In MR v SoS (2021) EWCA Civ 541 it is held that, where there is systemic unfairness, it is not an answer to say that Judicial Review is available to correct unfairness in any single case. Nonetheless the important distinction must be maintained between adjudicating in cases, which is for the Courts, and determining policy, which is not.

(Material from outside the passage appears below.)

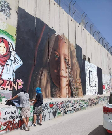 رسم فنان الجرافيتي الإيطالي جوريت آجوش، لوحة لعهد التميمى على الجدار الإسرائيلي العازل في بيت لحم بالضفة الغربية، والتي من المتوقع أن يطلق سراحها يوم الأحد المقبل.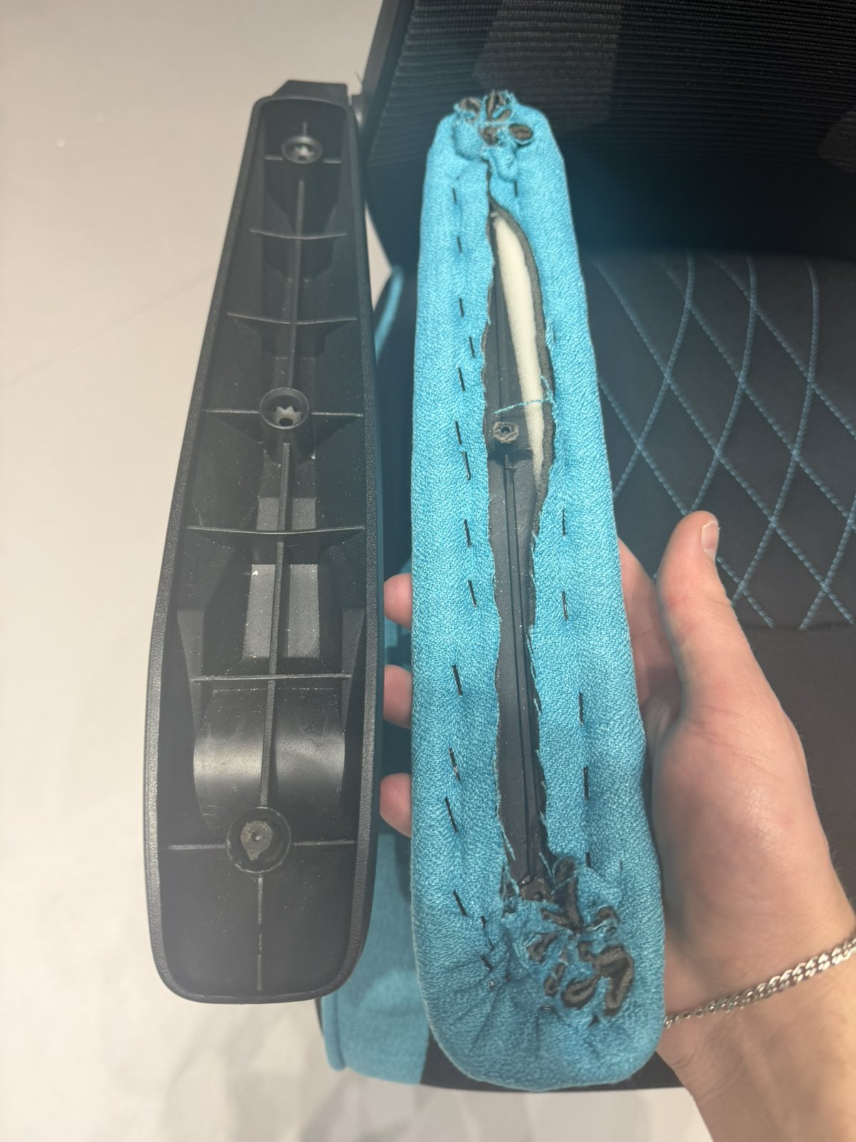 Cotiera scaunului este deteriorata,sunt prezente zgarieturi Materialul scaunului: Textil

Damage is caused by an exceptional occurrence, such as the Covid-19 pandemic. The entirety of the damage is not made good. Not all victims receive aid from state resources. In Cases T-378&379/20, Ryanair v Commission, it is held that it does not follow that a measure benefitting an individual company is state aid and/or discriminatory, provided that the benefit does not overcompensate and is proportionate.
When determining whether planning consent should be granted to upgrade an advertising hoarding to a digital display, not only must the residential amenity of the display be considered. Specific conditions should be addressed, in the interests of highway safety, in relation to the use of moving images and both the frequency and the speed of change of advertisements on the display. So held in Calderdale Borough Council v SoS (2021) EWHC 695 (Admin).
A claim for possession of land may be defeated by a proprietary estoppel that is satisfied by an irrevocable licence for life, even when a contract for the sale of the land had been oral. The requirements of Section 2 of the Law of Property (Miscellaneous Provisions) Act 1989 probably did not affect proprietary estoppel, especially when the relief sought was not to enforce the contract. So held by Snowden J in Howe v Gossop (2021) EWHC 637 (Ch).